In [1]:
import collections
import copy
import json
import numpy
import pandas as pd
import pickle
import random
import re
import torch
import tqdm

import padl

Get data for this notebook

In [2]:
!wget -nc https://nyc3.digitaloceanspaces.com/ml-files-distro/v1/sentiment-analysis-is-bad/data/training.1600000.processed.noemoticon.csv.zip
!unzip -f training.1600000.processed.noemoticon.csv.zip
!rm training.1600000.processed.noemoticon.csv.zip

--2022-02-18 17:05:16--  https://nyc3.digitaloceanspaces.com/ml-files-distro/v1/sentiment-analysis-is-bad/data/training.1600000.processed.noemoticon.csv.zip
Resolving nyc3.digitaloceanspaces.com (nyc3.digitaloceanspaces.com)... 162.243.189.2
Connecting to nyc3.digitaloceanspaces.com (nyc3.digitaloceanspaces.com)|162.243.189.2|:443... connected.
HTTP request sent, awaiting response... 200 OK
Length: 85088192 (81M) [application/zip]
Saving to: ‘training.1600000.processed.noemoticon.csv.zip’

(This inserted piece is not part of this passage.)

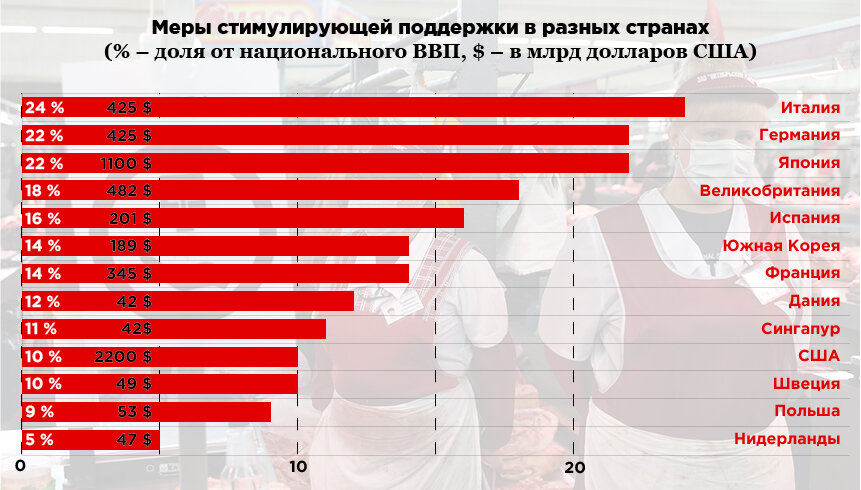 Россия потратила на компенсацию локдауна апреля — мая примерно 1,5 % ВВП и попыталась расширить кредитные механизмы поддержки предприятий и компаний малого бизнеса.

2022-02-18 17:05:22 (13,2 MB/s) - ‘training.1600000.processed.noemoticon.csv.zip’ saved [85088192/85088192]

Archive:  training.1600000.processed.noemoticon.csv.zip


Preprocessing for this notebook

In [3]:
df = pd.read_csv(
    'training.1600000.processed.noemoticon.csv',
    header=None,
    encoding='latin-1',
)
    
    
X = df.iloc[:, 5].tolist()
Y = df.iloc[:, 0].tolist()
Y = [{0: 'BAD', 4: 'GOOD'}[y] for y in Y]
    
perm = [int(i) for i in numpy.random.permutation(len(X))]
X_train = [X[i] for i in perm[:-500]]
X_valid = [X[i] for i in perm[-500:]]
Y_train = [Y[i] for i in perm[:-500]]
Y_valid = [Y[i] for i in perm[-500:]]

## Sharing your prototyped results in PyTorch can be tricky

You’ve spent a few days with sweat and tears putting together a PyTorch model in a Jupyter notebook, tinkering with parameters, trying various preprocessing methods, post-processing methods, validating the model results on examples, and checking on validation data sets that the model performs well. The results are good, you’re happy, you’re boss and colleagues are happy. Now you’d like to share the results, so that other people can play with the model; so what do you do? Here are the options:

1. EITHER: Share the notebook
2. AND/ OR: Share the model weights/ JIT compiled model
3. AND/ OR: Reprogram everything in proper scripts so that the model can be reloaded by re-importing functions you created out of the individual notebook cells.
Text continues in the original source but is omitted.